Flooding appears to be most intense in the southeast part of the county, with waters from the Potomac River and Occoquan Bay overflowing onto Belle Haven, Lorton, Mason Neck, and Fort Belvoir. If sea levels rise a foot, Mason Neck will noticeably shrink. If they rise three feet, the Route 1 ramps to I-495 at the Alexandria border will be submerged.

Mason Neck with a 1-foot rise in sea level (via Office of Environmental and Energy Coordination)

The OEEC developed the map using information gathered through its Resilient Fairfax initiative, which started last year to establish a Climate Adaptation and Resilience Plan intended to reduce and prepare the county for the damages that will come with a rapidly warming Earth.

So far, the initiative has produced:

The Climate Adaptation and Resilience Plan will be finalized and presented to the Board of Supervisors for acceptance this fall, according to OEEC spokesperson Ali Althen.

The climate map uses the same data that went into the projections report and risk assessment, but it’s narrower in scope, focusing on current flood and heat information with some indicators of future conditions, such as “projected sea level rise and coastal storm surge,” the OEEC says.

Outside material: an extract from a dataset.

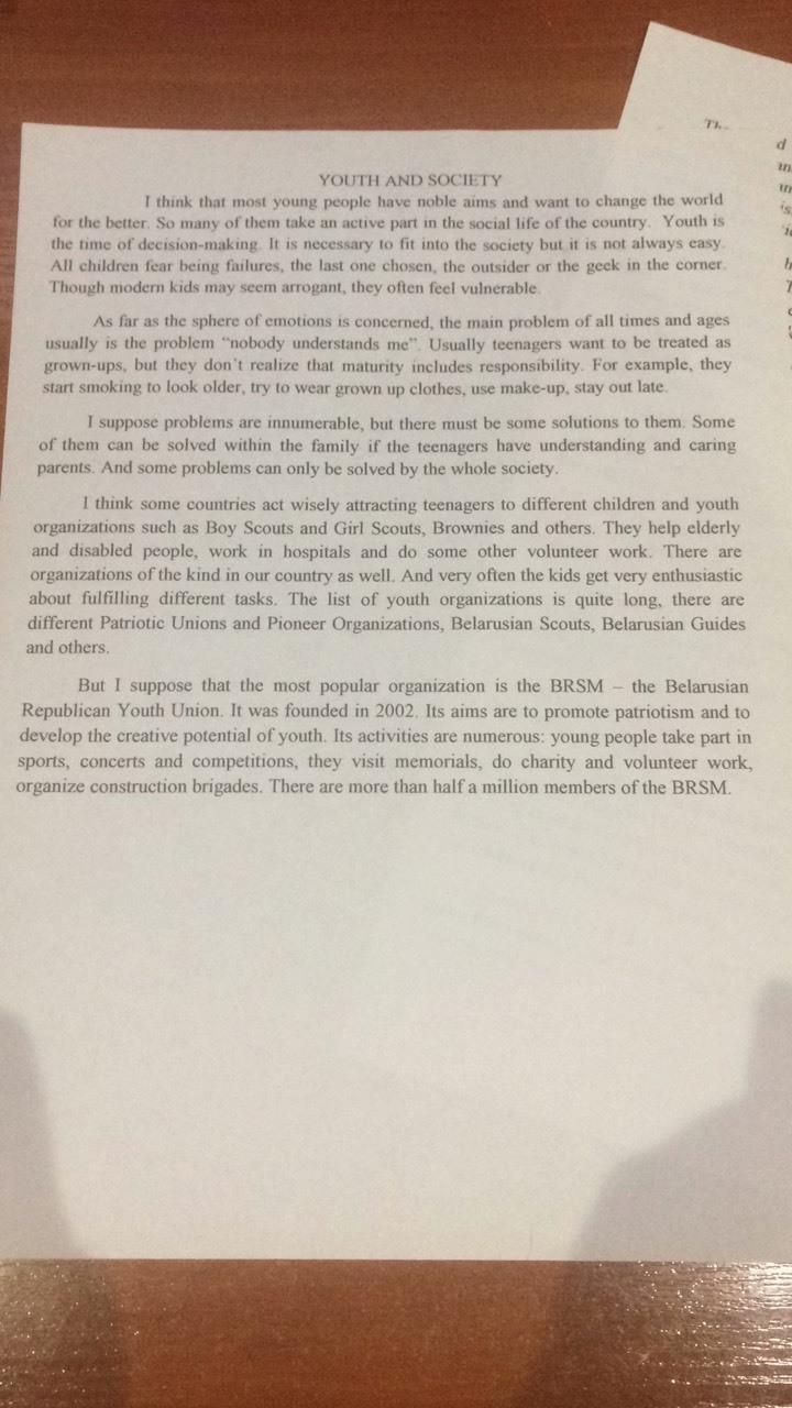 МОЛОДЕЖЬ И ОБЩЕСТВО Я думаю, что большинство молодых людей имеют благородные цели и хотят изменить мир к лучшему. Многие из них принимают активное участие в общественной жизни страны. Молодежь - время принятия решений. Необходимо вписаться в общество, но это не всегда легко. Все дети боятся быть неудачниками, последним из них, посторонним или выродком в углу. Хотя современные дети могут показаться высокомерными, они часто чувствуют себя уязвимыми. Что касается эмоций, то главной проблемой всех времен и возрастов обычно является проблема «меня никто не понимает». Обычно подростки хотят, чтобы к ним относились как к взрослым, но они не понимают, что зрелость включает в себя ответственность. Например, они начинают курить, чтобы выглядеть старше, стараются носить взрослую одежду, использовать косметику, не ложиться спать допоздна. Я полагаю, что проблемы неисчислимы, но должны быть некоторые решения для них. Некоторые из них могут быть решены в семье, если у подростков есть понимающие и заботливые родители. И некоторые проблемы могут быть решены только всем обществом, я думаю, что некоторые страны действуют мудро, привлекая подростков к различным детским и молодежным организациям, таким как бойскауты и девичьи скауты, домовые и другие. Они помогают пожилым людям и инвалидам, работают в больницах и занимаются другой волонтерской работой. Подобные организации есть и в нашей стране. И очень часто дети с энтузиазмом выполняют разные задачи. Список молодежных организаций довольно длинный, есть разные Патриотические союзы и пионерские организации, белорусские скауты, белорусские гиды и др. Республиканский союз молодежи. Он был основан в 2002 году. Его целью является организация строительных бригад. Членов БРСМ насчитывается более полумиллиона. Но я полагаю, что самой популярной организацией является БРСМ - белорусский пропагандировать патриотизм и развивать творческий потенциал молодежи. Его деятельность многочисленна: молодые люди участвуют в спорте, концертах и соревнованиях, посещают мемориалы, занимаются благотворительностью и волонтерством.

With marginalized communities facing the most severe consequences from climate change, the map also incorporates data from the county’s Vulnerability Index, which scored different areas based on residents’ income, education, homeownership, and other socioeconomic factors.

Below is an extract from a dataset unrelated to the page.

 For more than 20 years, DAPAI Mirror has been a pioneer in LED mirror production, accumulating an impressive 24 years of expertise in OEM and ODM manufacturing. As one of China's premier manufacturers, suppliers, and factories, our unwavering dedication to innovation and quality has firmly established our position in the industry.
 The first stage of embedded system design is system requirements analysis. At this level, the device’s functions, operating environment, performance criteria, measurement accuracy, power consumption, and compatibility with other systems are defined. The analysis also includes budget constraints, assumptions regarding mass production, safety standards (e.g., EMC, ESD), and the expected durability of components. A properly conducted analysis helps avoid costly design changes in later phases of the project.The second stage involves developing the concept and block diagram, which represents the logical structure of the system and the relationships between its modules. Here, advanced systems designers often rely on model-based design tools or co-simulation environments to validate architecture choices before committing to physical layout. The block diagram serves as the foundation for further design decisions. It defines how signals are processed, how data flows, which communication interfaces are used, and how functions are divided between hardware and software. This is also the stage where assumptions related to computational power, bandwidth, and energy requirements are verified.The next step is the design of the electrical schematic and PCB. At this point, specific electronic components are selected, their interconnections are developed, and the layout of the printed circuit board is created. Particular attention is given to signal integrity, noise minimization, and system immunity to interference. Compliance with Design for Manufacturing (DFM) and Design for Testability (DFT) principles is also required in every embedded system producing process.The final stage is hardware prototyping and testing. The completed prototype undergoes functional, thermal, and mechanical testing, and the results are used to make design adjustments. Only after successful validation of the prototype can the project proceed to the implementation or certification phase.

The OEEC says it’s important for residents to understand what climate hazards are in store for the county so they can get involved in efforts to address those impacts. In Belle Haven, for instance, the U.S. Army Corps of Engineers has already proposed building a wall to mitigate flooding.

“Awareness is the first step toward climate readiness, and we hope this tool will allow users to grow in their understanding of the risks facing Fairfax County now and in the years to come,” Meyers said.